The method by which living organisms synthesize proteins and further modify and regulate them is called protein expression. Protein expression plays a significant role in several types of research and is highly utilized in molecular biology, biochemistry, and protein research laboratories.          

Protein Expression  

The central dogma in molecular biology explains the concept of conversion of a double-stranded DNA (deoxyribonucleic acid) to a single-stranded mRNA (messenger ribonucleic acid) and further into a protein. The DNA must be first transcribed to produce mRNA, and then the mRNA must be translated to synthesize proteins. These proteins are unstable and hence have to undergo certain modifications after translation through post-translational modification. Acetylation, folding of proteins, glycosylation, and disulfide bridge formation are some of the post-translational modifications that help a protein in its primary structure attain a stable state and subsequently get converted into a functional state. Thus, the process which synthesizes proteins and modifies them for their conversion into functional proteins is included in the protein expression.   
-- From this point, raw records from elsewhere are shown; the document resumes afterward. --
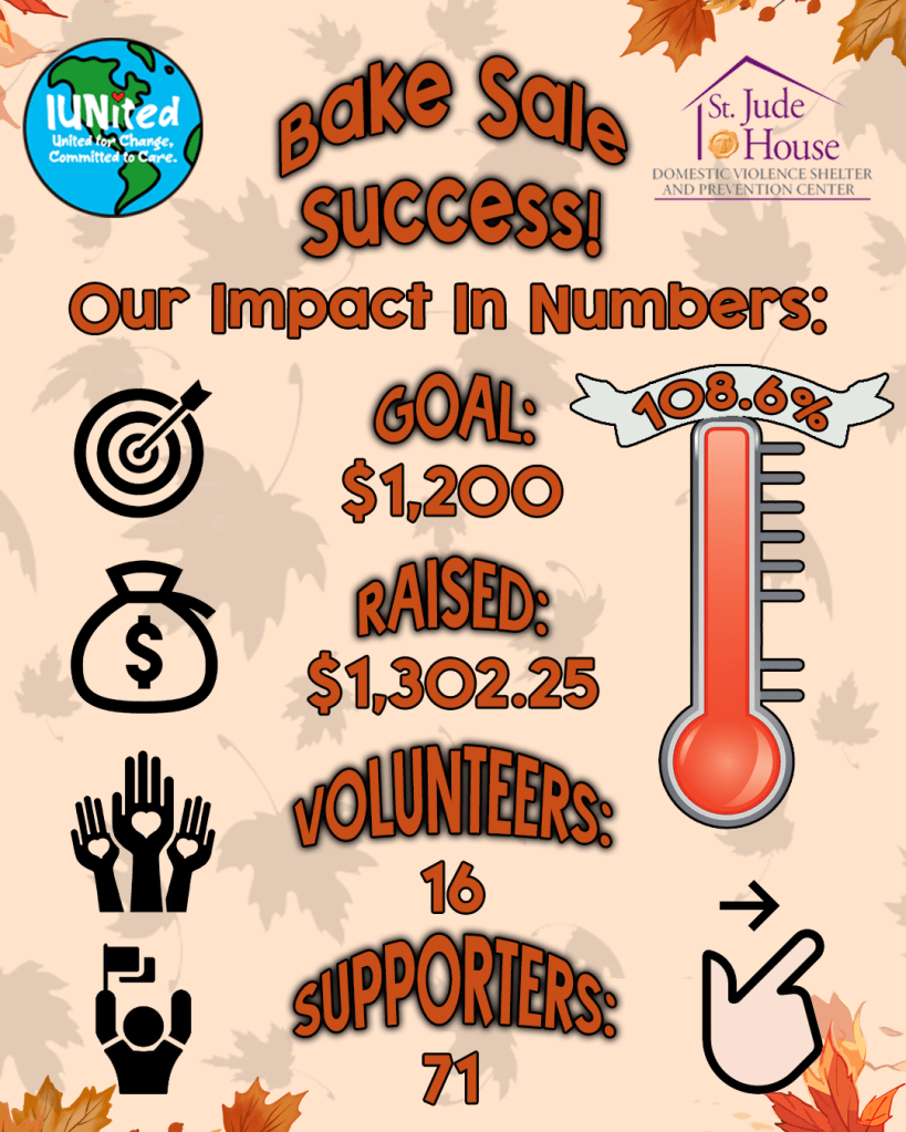 IUNited is proud to share the success of our 2025 Fall Bake Sale, where students came together with compassion, creativity, and purpose to raise $1,302.75 for St. Jude House, surpassing our original $1,200 goal. This achievement represents more than just numbers; it reflects the dedication and heart of our members, volunteers, and supporters who believe in giving back to our community.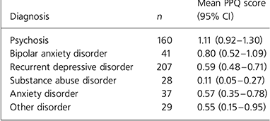 | Diagnosis | n | Mean PPQ score (95% CI) |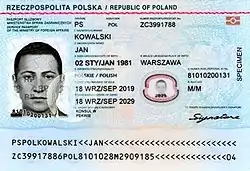On the top of the identification page there is the code "P" for passport, the code (ISO 3166-1 alpha-3) for the issuing country, and the passport number. On the left side there is the main photo. On other places there might optionally be the passport holder's height and security features, including a smaller, see-through photo.
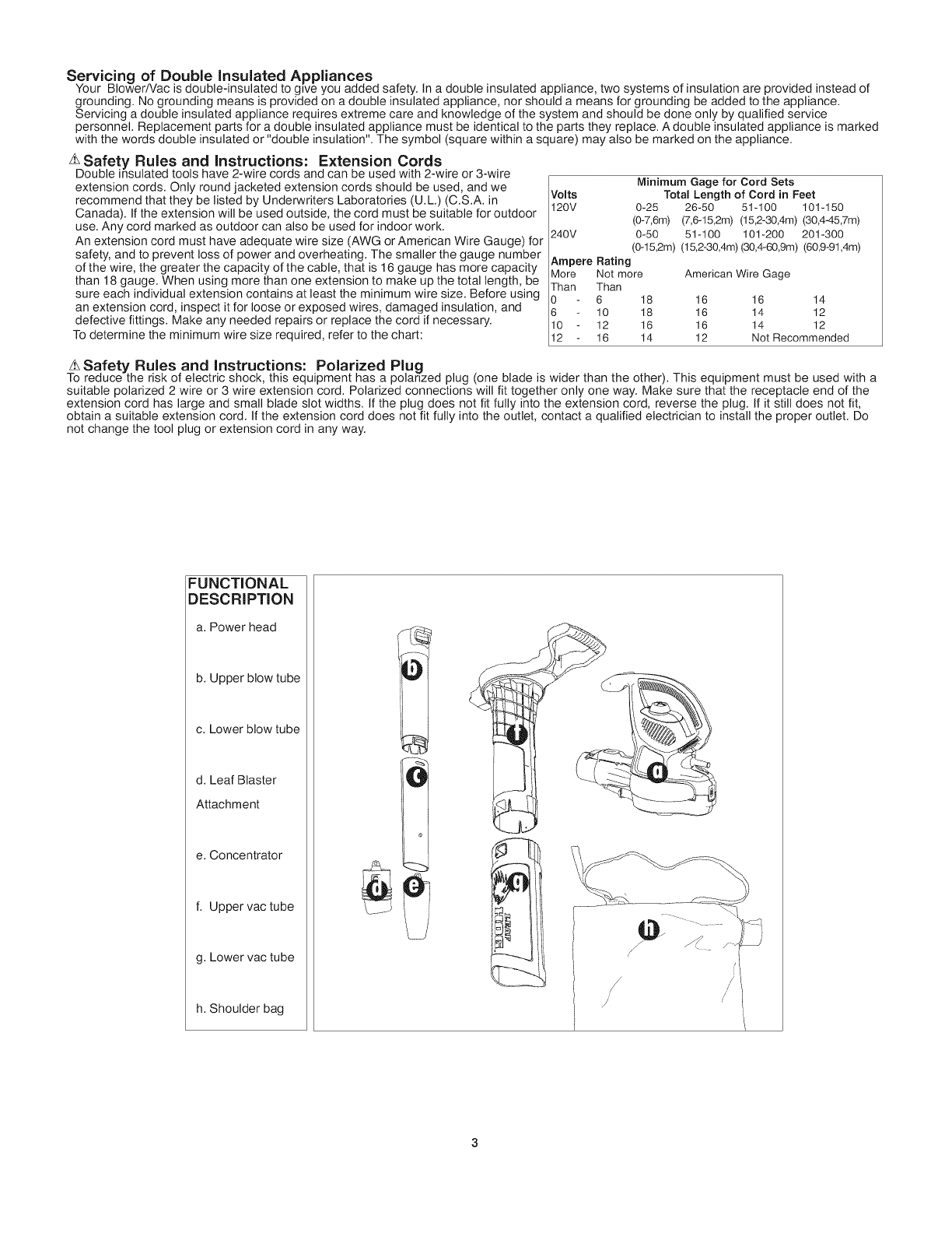•THIS APPLIANCE IS PROVIDED WITH DOUBLE INSULATION. Use only identical replacement parts. See instructions for servicing of double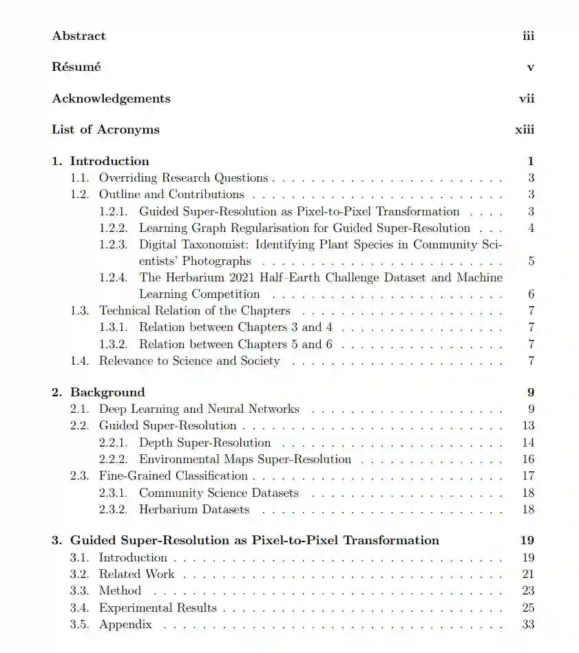 计算机视觉系统自从分类手写数字的时代以来取得了巨大的进步。特别是,监督学习已经成为解决科研之外任务的普遍方法。这些系统被部署在从自动驾驶汽车到自动医疗诊断和天气预报等多个行业的众多产品中。这些进步可以归因于深度学习算法、专业库和专用硬件的进步,以及用于模型训练的大型标注数据集的增加。然而,仍然存在一些任务,其中仅仅捕获和标注更多数据的标准范式并不是一个可行的解决方案。 在这篇论文中,我们调查如何最好地利用多模态数据来解决获取足够质量或完整性数据困难的计算机视觉任务。我们专注于两个特定任务:引导式超分辨率和细粒度分类。引导式超分辨率涉及通过将低分辨率数据与辅助模态结合来进行放大,而细粒度分类需要利用边际信息,使分类算法能够捕捉到细粒度类别之间细微的外观差异。最初,我们在缺乏地面真实数据的情况下为引导式超分辨率提供解决方案。首先,我们提出了一种将引导式超分辨率视为学习从引导到源域的像素到像素映射的新颖无监督公式。我们使用多层感知器参数化来保留高频细节。其次,我们提出了一种新颖的混合模型,以在保持解决测试时优化问题的严谨性的同时,最好地利用深度学习方法。关键是一个可微分优化层,它作用于一个学习的亲和图,确保目标对源的高保真度,因此对未见域具有高泛化性。随后,我们提出了一种自动识别社区科学家照片中细粒度植物标本的统一方法。该方法旨在利用社区科学家观察中通常可用的各种先验知识,包括地理和时间背景以及植物分类学,以学习跨类似物种的可转移表示。最后,我们提出了2021年半地球植物标本馆数据集,这是我们作为机器学习竞赛的一部分创建的一个大型策划和开放获取的植物标本数据集,以鼓励进一步研究从照片中自动识别细粒度植物物种。 近年来,计算机视觉领域取得了显著进步。当然,这些进步可以归因于深度学习研究、专业库和专用硬件的进展,但最重要的是,这些进步得益于大量数据的可用性,例如像ChatGPT(OpenAI,2022年)和Stable Diffusion(Rombach等,2021年)这样的生成模型分别在互联网上爬取了数十亿的文本和图像进行训练。 然而,并非所有任务都能使用现成的互联网规模数据集来解决。许多重要问题,如自动检测恶性肿瘤、评估自然灾害造成的损害或绘制濒危物种的地理分布,仍然是放大数据收集不是解决方案的挑战。这些挑战可以大致分为两类。首先,由于传感器捕获它们的固有技术限制,感知特定模态存在困难,例如遥感器如航空或卫星成像或主动传感器如激光扫描仪、ToF相机或MRI扫描仪。其次,观察罕见事件或特定数据类型的多样性困难,因为在现实世界的数据收集工作中不经常遇到某些场景或类别。例如,捕捉所有容易发生事故的驾驶场景,或收集所有生物物种的足够数据就是这种情况。

Investigations on Protein Expression  

Various investigations have been performed and experimented with controlling the expression of proteins for various applications in medicine and biotechnology. The significant investigation and the findings on protein expression are as follows:          

• The in vivo visualization of proteins is identified by the researchers with the help of certain fluorescent proteins. Then, these fluorescent proteins are tagged with the targeted proteins for studying their localization, structure, functions, and interactions.            
• Further, these investigations also favor protein purification, which can be utilized for various researches in molecular biology and the medical field.          
• The proteins can be synthesized easily compared to DNA, which can be achieved with the help of live cells or from the complex mixtures obtained from the cells.          
• The expression system plays a very important role in the production of recombinant proteins and their purification. The investigation has led to the discovery of various systems for expression, including insect, bacterial, mammalian, yeast, cell-free, and plant expression systems capable of synthesizing recombinant proteins.          

Methodology and Factors   

 Methodology steps 

The general methodology behind the expression systems is listed as follows:          

• Cells need to be transfected with the desired DNA template.          
• These cells are allowed for the processes such as transcription, translation, and post-translational modifications.          
• The cells are lysed to extract the protein from them. Protein extraction is facilitated with the help of protein tags.          

The extracted proteins which have several contaminants must be separated from the impurities by the purification methodologies.

In this way, protein is expressed and extracted from a cell for various investigations. The resulted protein is called recombinant protein as its synthesis is invitro.          

Factors         

Among the various systems for expression, deciding a particular system for a specific protein depends on certain factors. The desired protein that has to be expressed, the quantity required of that particular protein, and the downstream technique plans are the significant factors to be considered for choosing a system for expression accordingly. 

Expression Systems      

The expression systems utilized for expressing protein perform their role with the help of plasmids that act as expression vectors. Some of these systems are cell-free, insect, yeast, plant, mammalian, and bacterial expression systems.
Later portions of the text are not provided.